Blanks were analyzed every 10 samples and the results were <0.01 µg/L of arsenic. Five standards spanning the range of urinary arsenic concentrations were used to set the calibration curve in each run of 10 samples. The analysis of samples proceeded only when the correlation coefficients of the standard curves with outcomes were >0.999. Duplicates were run every 10 samples and the coefficients of variance (CV %) were <5%. The recovery rate was between 90% and 110% with standard addition relevant to samples ranging from 2–5 µg/L for all arsenic species. The interbatch CVs were <10% in all samples ranging from 4.9%–7.8%. The inter-lab comparisons were conducted by participating in the Round Table Program organized by Recipe Chemicals and Instruments GmbH (Munich, Germany). We fulfilled the reference values for all tested samples.

Creatinine was measured by the Beckman Synchron LX20 auto-system (Beckman Coulter, Brea, CA, USA) in the central lab of Chung-Ho Memorial Hospital of Kaohsiung Medical University using a spectrophotometric method with picric acid as the reactive at 520 nm. We used total arsenic (tAs) as the sum of inorganic arsenic (As3+ and As5+) and organic arsenic (MMA and DMA) divided by the urinary creatinine in the subsequent analysis [23].

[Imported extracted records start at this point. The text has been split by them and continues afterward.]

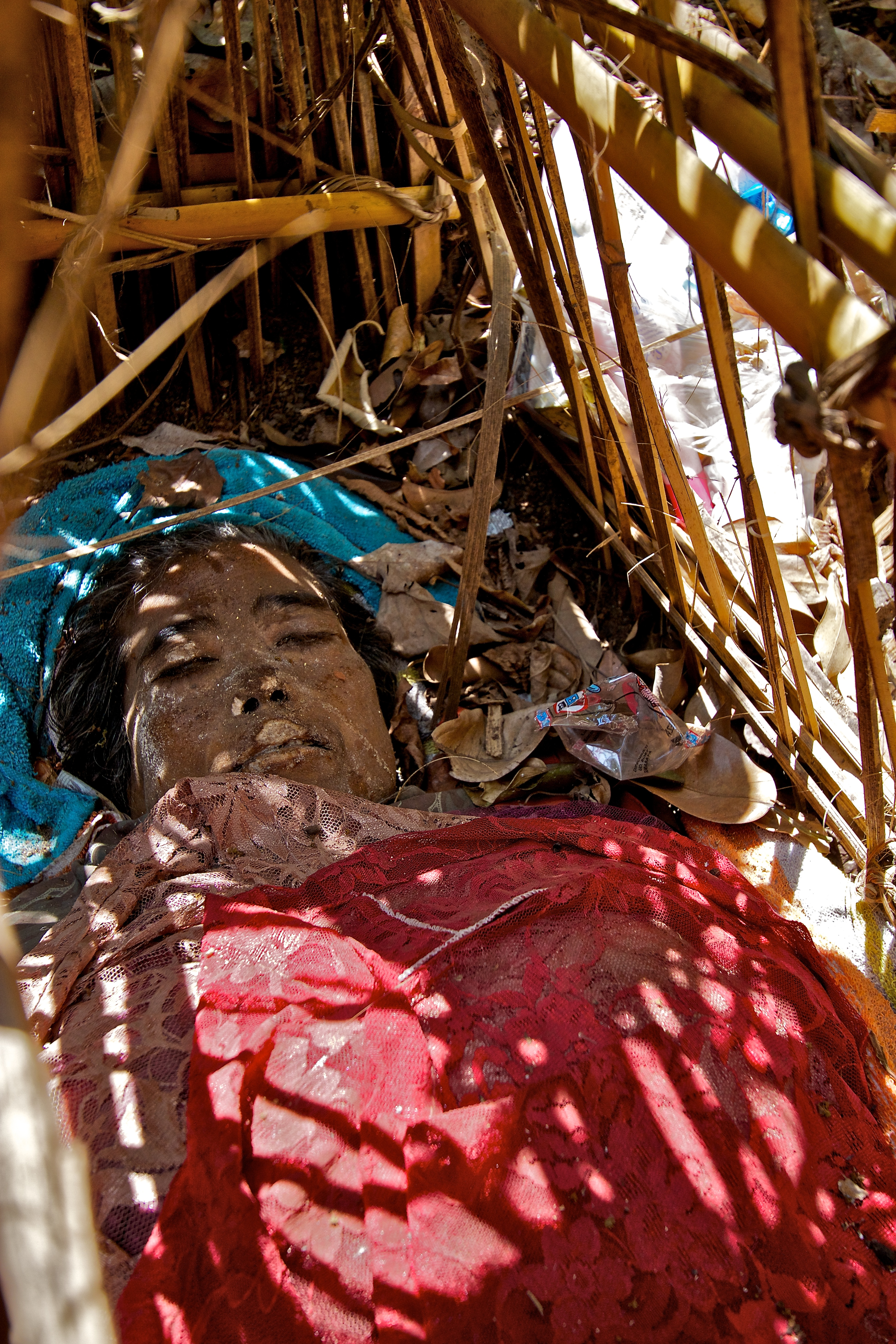 The body of a young lady, put to rest a month ago to decompose, Trunyan, Lake Batur, Bali, Indonesia
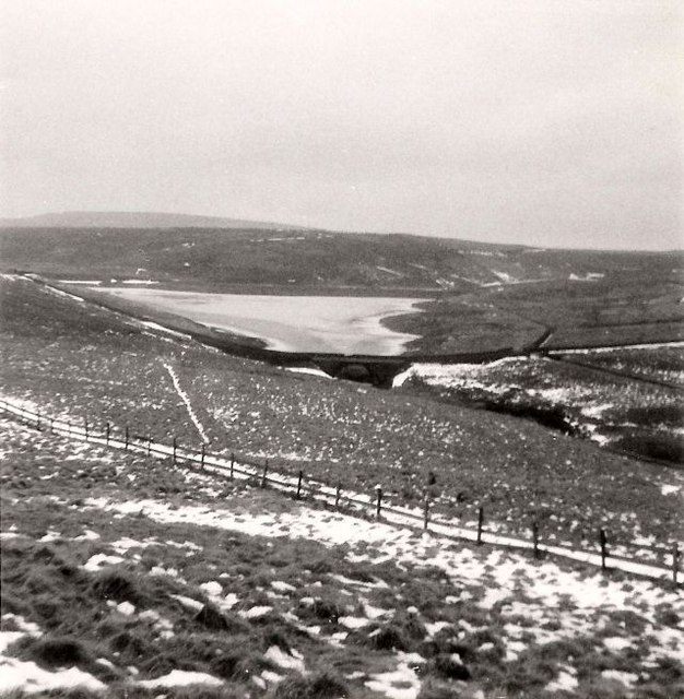 Dowry Reservoir, near Denshaw, Saddleworth - then in the West Riding of Yorkshire (at time of photograph) - now in Greater Manchester, England.
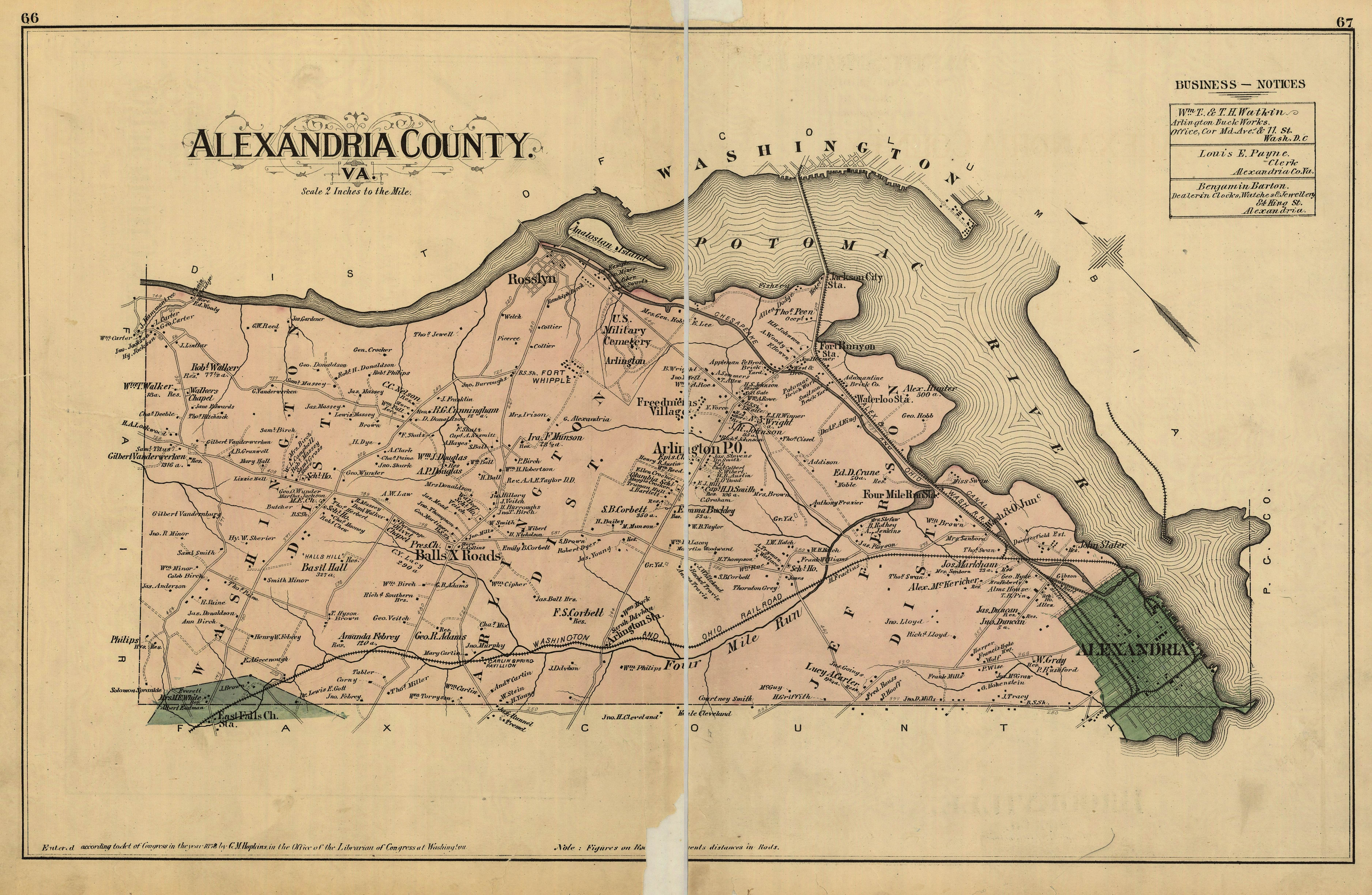 Hopkins map of Alexandria County, Virginia: Includes the present Arlington County and City of Alexandria.

DNA damage biomarker quantification

Urinary 8-oxodG and N7-MeG were determined using liquid chromatography/tandem mass spectrometry (LC-MS/MS). Urine samples were thawed at room temperature and centrifuged at 10000 g for 5 min. Then, 20 µL samples of urine were diluted 20 times with 96% acetonitrile containing 0.1% formic acid (FA; 380 µL). An 80-µL aliquot of diluted urine was spiked with 20 µL of a mixed solution consisting of 15N5-N7-MeG and 15N5-8-oxodG as an internal standard and then vortexed. A 100-µL sample of prepared urine was injected directly into the on-line solid-phase extraction column (Sep-Pak C18 cartridges, 1 g/6 mL; Waters, Milford, MA, USA). After automatic sample cleanup, LC-MS/MS analysis was done using a PE Series 200 HPLC system interfaced with a PE Sciex API 3000 triple quadruple mass spectrometer with an electrospray ion source [24] (Applied Biosystems, Toronto, Canada). The LOD of the 8-oxodG and N7-MeG was 0.01 µg/L and the coefficient of variation (CV) was 2.5% and 5.5% for the 8-oxo-dG and N7-MeG, respectively.

Birth outcomes and covariates

The physical parameters of the newborns, including gestational age, sex, birth weight and height, head and chest circumference, and Apgar score, were measured and recorded by the same pediatrician and a well-trained assistant. The nurses in the maternity ward measured birth weight using a scale for babies (Misaki baby scale, Japan) that was calibrated before each use. Calibration with a standard weight (5 kg) at regular intervals showed that all scales were stable and precise. Birth length was measured to the nearest 0.1 cm using a wooden length board, and the head and chest circumferences were measured using a metal measuring tape. The Apgar score was determined for each baby to ascertain physical condition and determine the immediate need for extra medical or emergency care. A pediatrician or trained nurse assigned Apgar scores based on breathing effort, heart rate, muscle tone, reflexes, and skin color. Each category was scored with a 0, 1, or 2, according to the observed conditions. The Apgar test was given to babies at 1 and 5 minutes [25].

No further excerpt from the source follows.